The past couple of weeks have been a wild sort of ride. School is FINALLY drawing to a close. I'm so excited!! I can't wait until I don't have to go to school EVER AGAIN. Well, that's not entirely true, since I have decided to go on and get my MBA. However, I'm going to work for a least a year first. I've been going to college off and on since 2001!! Since that time there hasn't been a single year that I haven't taken a least a class or two. It's going to feel so nice to have a diploma and that undergraduate business behind me!!
Along those lines. . .
I'M ONLY 5 POUNDS AWAY FROM MY FIRST GOAL!!!!!!!
I wanted to drop as much weight as I (reasonably) could by graduation and that is 50 pounds! This morning when I stepped on the scale I was shocked to see a big ol' loss of 4 pounds!! Which is good, because I'm going to see my friends in St. Louis this weekend and there will be much fun and festivities. :) When Handsome saw me this morning, he actually said, "Oh my god! You look so skinny." :) It made me feel good because I know he notices it and appreciates how hard I'm working for this.
Also it made me feel good, because last week was not a good week in my book. After paying bills and stupidly budgeting our groceries, we had nothing left for fresh produce. Typically, at least half of our budget goes for things like fresh apples, bananas, tomatoes, peppers and veggies of all sorts. We had none of that! We didn't even have the nice lean meats that we usually get. It was horrible.
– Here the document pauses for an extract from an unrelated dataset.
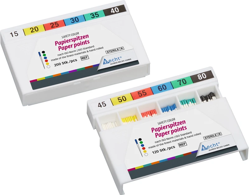 Extrem saugfähig und faserfrei überzeugen die Papierspitzen mit optimaler Festigkeit und glatter Oberfläche. Hergestellt nach ISO-Norm mit 28 mm Länge. Folienversiegelung und Gammasterilisation erfüllen die strengen Anforderungen der Behandlungshygiene.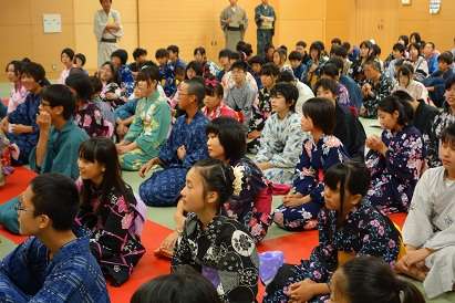 ゆかたに身を包んだ生徒たちは、学年全体会〈写真上〉でルール説明などを受けた後、武道場と地下交流室に分かれてかるた会を行いました。

Even though I was staying within my calorie range each day I felt like I was eating like a big fat hog. Which brings me to another point. . .
I've been training for the 5K as everyone who will probably read this already knows. Well, the SparkPeople thingy (yes, a technical term, I know) was yelling at me (this is what I call it when it gives me pointers) that I need to increase my calorie range for because of all the added activity. When I did it took me up to over 2,000 calories!!! OMG! I can not eat that much. . . I mean I can, but it made me feel ill all week. I was used to getting somewhere between 1,300 to 1,600. The high calorie amount combined with the no 'good' food, totally threw me off balance and I only lost a pound. I know, I know - It's still a pound! - One pound at a time - It's that much that I don't have to carry around anymore - but it made me feel like I was losing control of this battle and that I wouldn't be able to meet my graduation goal. But, I did some tinkering and now my calorie range is back in 'my zone' and I feel confident with my level of exercising. . .
However, yesterday was not a good day for my running. The last time I wrote I think I told you all how I decided just to see if I could run a mile for fun. Well, the day after that was my scheduled 5K training day, so I went ahead with my run. BUT, instead of walking 1 minute out of every 5 I decided just to run the whole 35 minutes! I made it 2.3 miles!! I was so super excited, after I realized what I'd done I started crying and laughing at the same time. I looked like a crazy person sitting on the side of the graveyard like that! My next run I did the same thing, except Handsome was riding beside me on his bike tracking my distance and mentioned that he thought I'd get 2.5 miles in. My watch dinged at 35 minutes, but I was almost to 2.5 miles, so I decided to finish at 2.5 miles. :) I was looking forward to this week. I so badly want to make it 3.1 miles. When I got sick this weekend, I took it pretty easy. Yesterday, I still felt pretty bad, but wanted to make sure I got all my runs in since it's only 2 weeks until my 5K. I only lasted for 12 minutes/.82 miles. I felt so sick and hot like I was going to vomit. I didn't even want to walk my time out. I felt like a loser. As always, Handsome convinced me that I did the best I could and suggested that I switch to morning runs. So, that's what I'm going to do tomorrow.
I'm getting up at 5am tomorrow, so I can run for 40 minutes before work. See? Now that I've told you about it, I HAVE to do it. :) Wish me luck!